When determining your investment strategy, start by defining your nonprofit’s investment objectives and timeframe. For example, you can create different buckets for your investments: One for short-term investments you’ll need in the next five years, one for medium-term investments and one for long-term investments. Within these buckets, you can then choose adequate investments that won’t exceed your organization’s risk tolerance.
Investment management can be especially complex when it comes to a nonprofit. If you’re not up to the task, make sure to delegate your investment responsibilities to an outside financial advisor. Just be sure to carefully vet the advisor’s expertise, because your board will still be responsible for ensuring the assets are prudently managed.
In determining your investment strategy, you’ll want to begin by defining your Investment Policy Statement (IPS). An IPS is a foundational document that establishes the guidelines and parameters for an investment portfolio. These guidelines and parameters may include your organization’s risk tolerance, liquidity requirements and target asset allocation. It’s standard practice for portfolio managers to require an IPS before they assume management duties. Regardless if you work with an outside manager or handle the investments yourself, it’s important to have an IPS for your organization.
An IPS will often start by defining your goals, both qualitatively and quantitatively. It’s not enough to simply state what you want to accomplish. Take this a step further and quantify how much this goal will require and your timeframe for achieving this goal. With these parameters in mind, you can create an investment strategy to help you achieve this goal. Your strategy should include your target asset allocation and how it may change over time.
Once you have your investment strategy, you may think your IPS is complete, but this is only the beginning. You’ll also need to outline your investment selection criteria: What characteristics will you look for in the investments you use? For example, if you invest in mutual funds, will you require they have a certain number of total holdings or meet certain environmental, governance and social criteria?
Your IPS should also detail the monitoring parameters you’ll use to keep tabs on the portfolio. Part of a nonprofit’s fiduciary duty requires regularly checking an investment portfolio to make sure it hasn’t drifted from its target allocation. What parameters will you use to trigger a rebalancing of your portfolio?
Addressing the above financial planning elements is only the start of your financial journey.
The goal of most nonprofits is to continue to grow for years and decades to come. With that growth will likely come other concerns, from tax management to securing grants and funding.

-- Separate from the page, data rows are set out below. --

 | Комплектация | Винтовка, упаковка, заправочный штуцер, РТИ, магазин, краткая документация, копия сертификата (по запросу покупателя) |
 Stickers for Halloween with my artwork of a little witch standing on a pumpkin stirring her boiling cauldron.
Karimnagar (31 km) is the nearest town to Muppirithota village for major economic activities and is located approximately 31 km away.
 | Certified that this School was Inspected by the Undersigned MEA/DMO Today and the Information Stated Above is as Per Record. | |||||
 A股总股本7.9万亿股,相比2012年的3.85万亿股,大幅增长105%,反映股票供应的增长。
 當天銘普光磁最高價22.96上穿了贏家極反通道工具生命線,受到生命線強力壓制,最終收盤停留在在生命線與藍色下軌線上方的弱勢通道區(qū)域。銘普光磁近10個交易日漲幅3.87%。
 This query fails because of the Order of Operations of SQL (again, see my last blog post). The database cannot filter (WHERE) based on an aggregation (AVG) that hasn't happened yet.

If anything, talk to a financial advisor about what these additional concerns could mean. You may find that there are some tasks you feel comfortable with, while others, you don’t. At TrustCore, we can offer referrals, advice and help with your overall plan.

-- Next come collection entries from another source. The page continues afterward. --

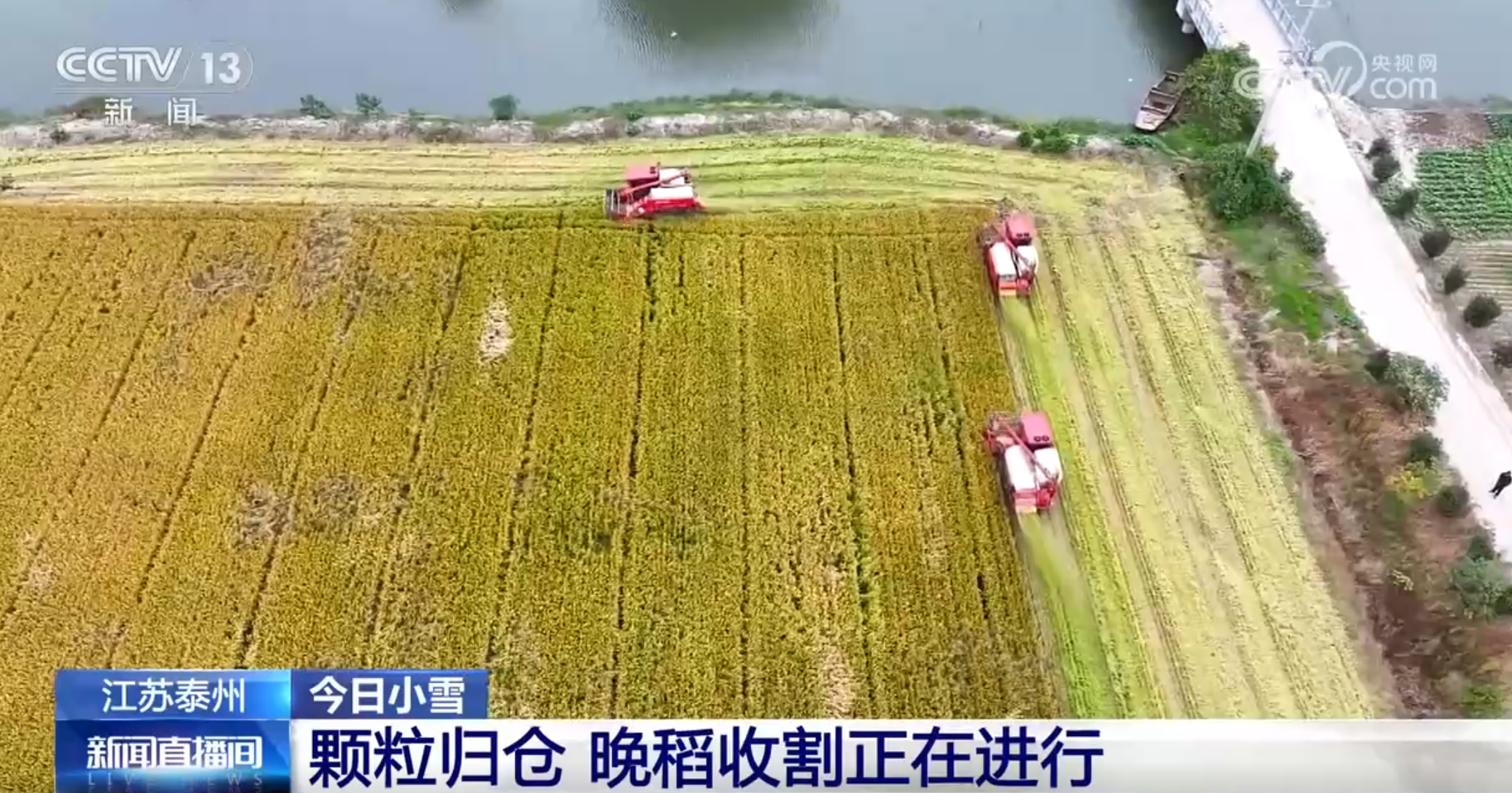 我們現(xiàn)在看到的是江蘇泰州正在進行的晚稻收割作業(yè)。這個時候,當?shù)卦绲竞椭械疽呀?jīng)收獲完成,收割機正開足馬力進行晚稻收獲,割穗、脫粒、粉碎秸稈,一氣呵成,連倒伏的稻穗也被采收干凈,金黃飽滿的稻谷順著管道傾瀉而下,顆粒歸倉。
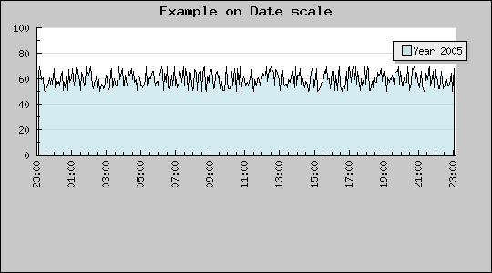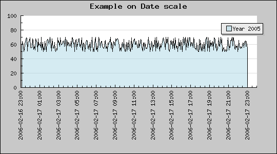 The first basic example below creates a data set that emulates a sample rate every S second and falls over a total period of two days. It is important to note that the input data on the X-axis must be a in the form of timestamp data, i.e. the number of seconds from the system epoch. In PHP the current timestamp value is returned by the function time().
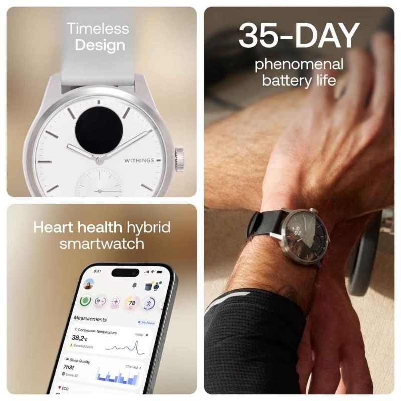 The Withings ScanWatch 2 is a feature-rich hybrid smartwatch designed to deliver medical-grade health insights alongside classic watch aesthetics. Equipped with ECG, SpO₂, GPS, heart rate, sleep, and temperature tracking, it's perfect for proactive health monitoring. With robust build quality in stainless steel and 30-day battery life, the ScanWatch 2 caters to those who value both elegance and advanced health technology.
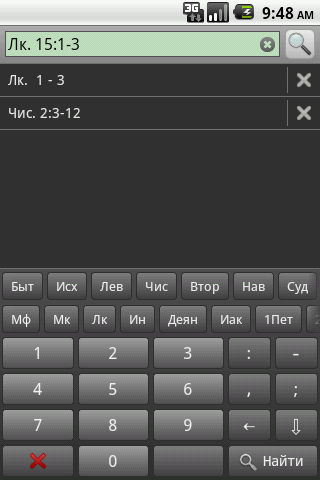 В состав приложения также включен перевод Библии на русский язык для возможность параллельного чтения.
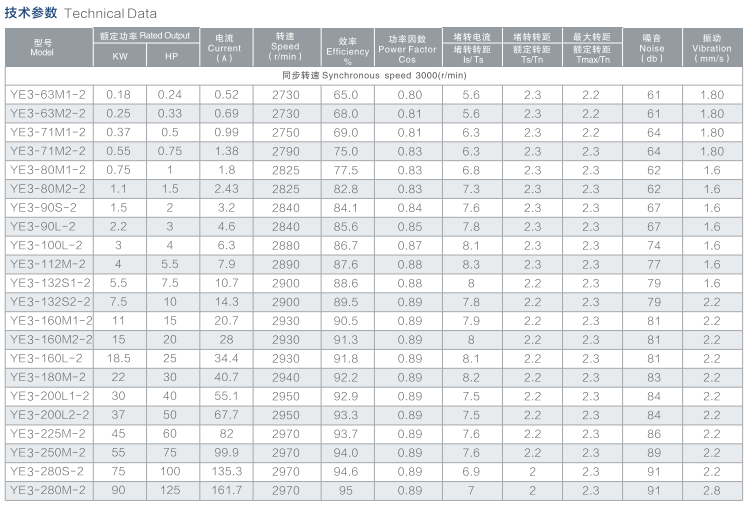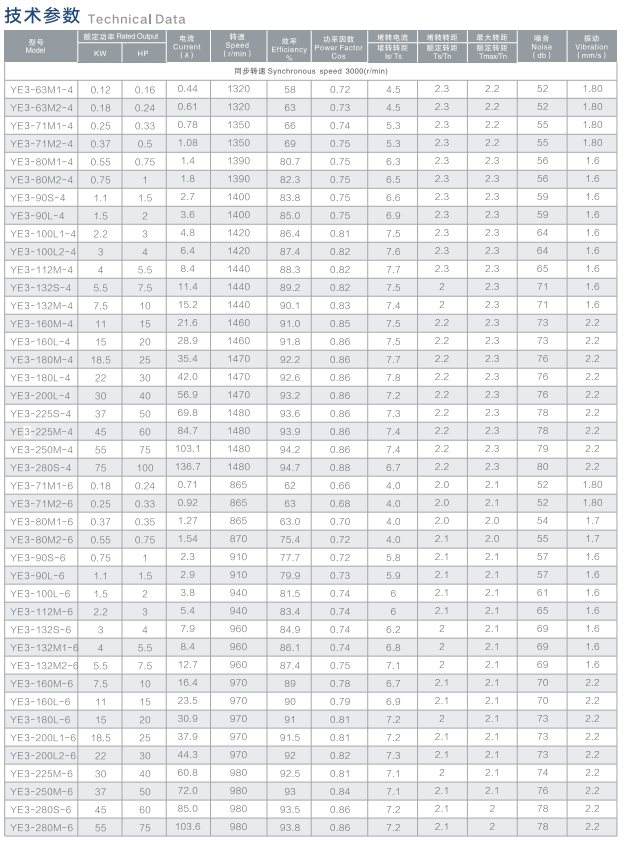 YE3 serice electric motor is the improvement type of Y series,all the performances are in conformity with IEC standard.it has the advantages such as perfect structure,attractive appcarancejlttle vlbratlonjow noise,heat resistance and high protection class.It reaches the international advanced level.
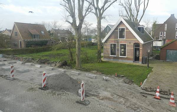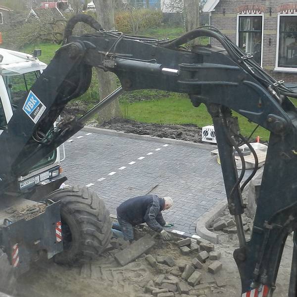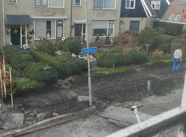 Want de parkeerplaats is nog niet gelegd of de grote graafmachine heeft de hele straat opengehaald.
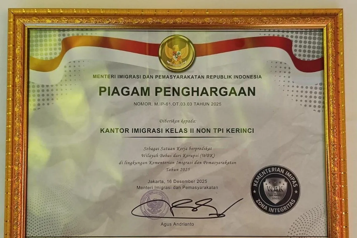 Jambi (ANTARA) - Kantor Imigrasi Kelas II Non TPI Kerinci kembali menorehkan prestasi membanggakan dengan berhasil meraih predikat Wilayah Bebas dari Korupsi (WBK) Tahun 2025.
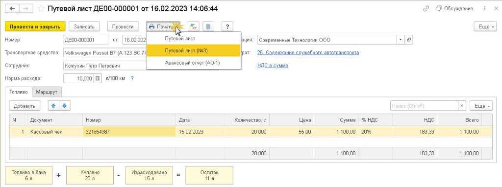После включения указанной настройки в программе появляется новый документ – Путевой лист.

Nonprofit board members and executives often wear many hats, filling a void that the organization has. Unfortunately, this isn’t always a role you enjoy or feel well-equipped to fulfill. This can be especially transparent when it comes to managing your organization’s finances.
Nonprofit financial planning is a uniquely challenging field. A nonprofit is unlike any other organization. Nonprofits face distinct financial planning challenges and risks. As such, if you choose to lean on an outside professional to help you meet your financial planning needs, not just any financial advisor will do. Do your research and find a financial advisor who specializes in working with nonprofits. This will make a world of difference.